К счастью, сейчас никто кровавых битв не устраивает, напротив, теперь это любимое место отдыха горожан.
Ах, если бы вы только знали, как здорово купаться в Кану! Не в каждом городе есть такая замечательная река. В Красноярске нет хороших мест для купания и пляжей хороших нет. Енисей после строительства ГЭС, стал очень холодным. Только «моржей» теперь можно увидеть в нем. По берегам везде галька, а вдоль берега нередко плывут разноцветные пятна мазута.
В Кану тоже купаются серьезные пловцы. Но здесь заходишь в воду по песочку, ногам приятно. Вода сначала кажется холодной, но, окунувшись пару раз, чувствуешь бодрость в членах, и уже не выманить из воды. Каждый начинает резвиться на свой лад. И ныряют, и плывут против течения и поперек. А то заходят повыше и переплывают на другой берег. Наблюдаешь за таким пловцом, и видишь, как все дальше уносит его. А он только режет саженками упругое течение, да иногда перевернется на спину, чтобы дух перевести. Отдышавшись, еще и нырнет и кувыркнется на самой середине, на самом течении, и снова продолжает плыть к намеченной цели и становится все меньше и меньше, пока не выйдет из воды на другом берегу, совсем маленьким человечком.
Но ничего нет лучше на свете, чем искупнуться в Кану вечером. Как только солнце скрывается за горизонтом, вода в реке становится теплой, словно парное молоко.

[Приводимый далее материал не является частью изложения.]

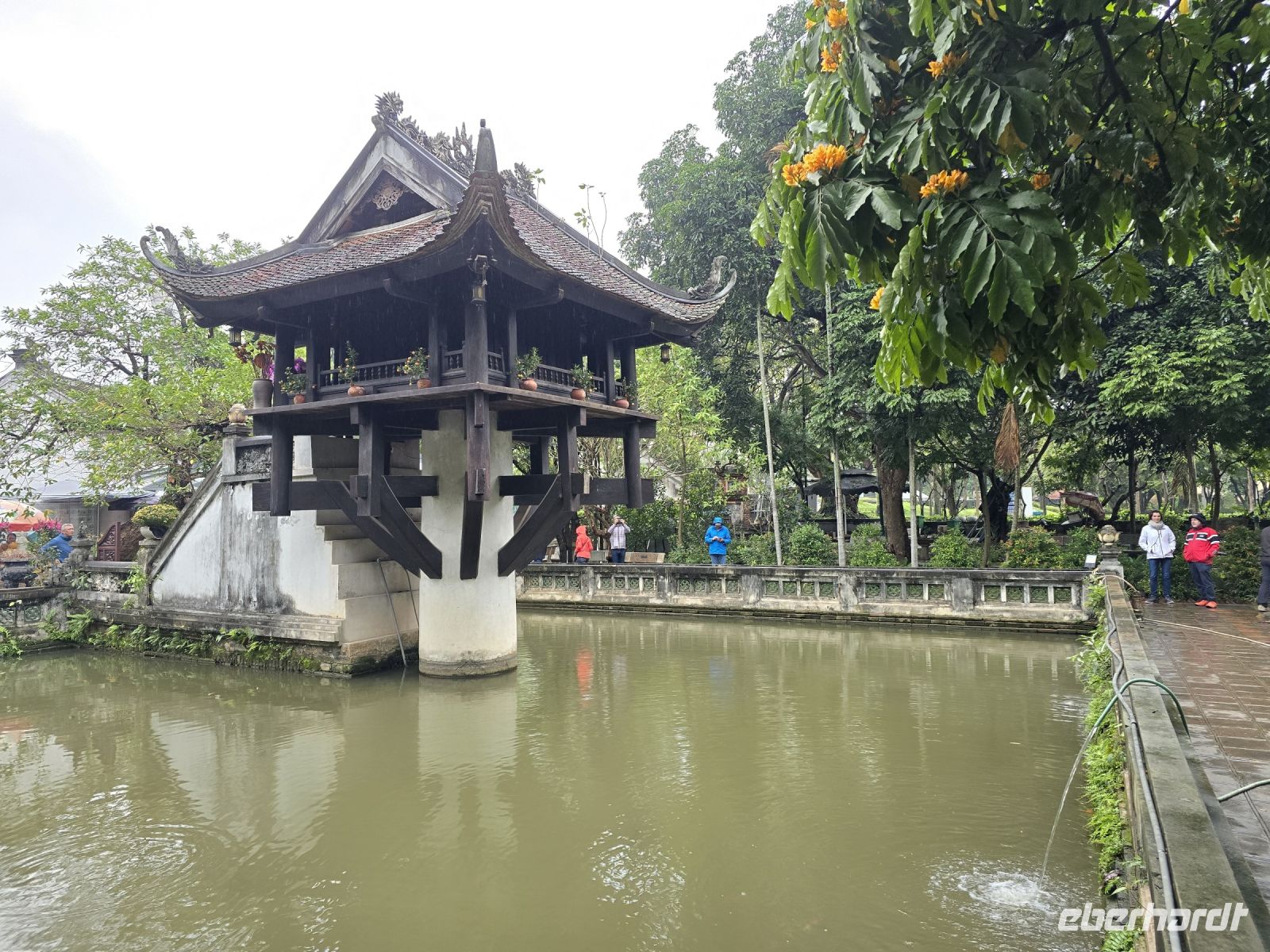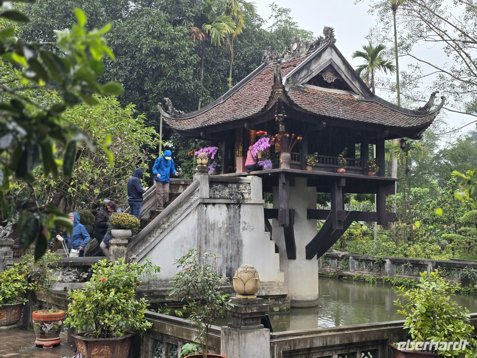 Danach gehen wir in das politische Zentrum Hanois. Zum Roten Platz, an dem auf der linken Seite das Ho Chi Minh Mausoleum steht und auf der rechten Seite das Parlamentsgebäude. "Onkel Ho" wie der ehemalige Freiheitskämpfer und Führer Vietnams liebevoll genannt wird, hatte hier seinen Wohn und Arbeitsort. Während dem großen amerikanischen Krieg wurde der Bereich mit einem großen Bunker unterkellert, in dem Ho Chi Minh und die gesamte Regierung, Schutz finden konnte. Ein weiteres Wahrzeichen Hanois ist die Schildkröteninsel, gelegen im Hoan Kiem See. Hier werden die ursprünglichen, aber seit 40 Jahren verstorbenen, großen Schildkröten präpariert präsentiert, die auch heute noch verehrt werden. In dieser Gegend befindet sich auch die berühmte Einsäulenpagode, die noch heute das Symbol für Fruchtbarkeit ist.

Отплываешь на глубину, и, раскинув руки, перевернувшись на спину, полностью доверяешься воле реки. Словно эритроцит в пульсирующем кровеносном сосуде, чутко улавливаешь спокойное и уверенное дыхание реки. Уносимый течением ты лежишь и смотришь на проплывающие мимо верхушки деревьев, на редкие, золотые облака на вечернем небе, на высокие звезды и целые созвездия мирозданий. И такая истома и счастье заполняют всего тебя, что ты готов, плыть до самого Енисея, за сотни километров.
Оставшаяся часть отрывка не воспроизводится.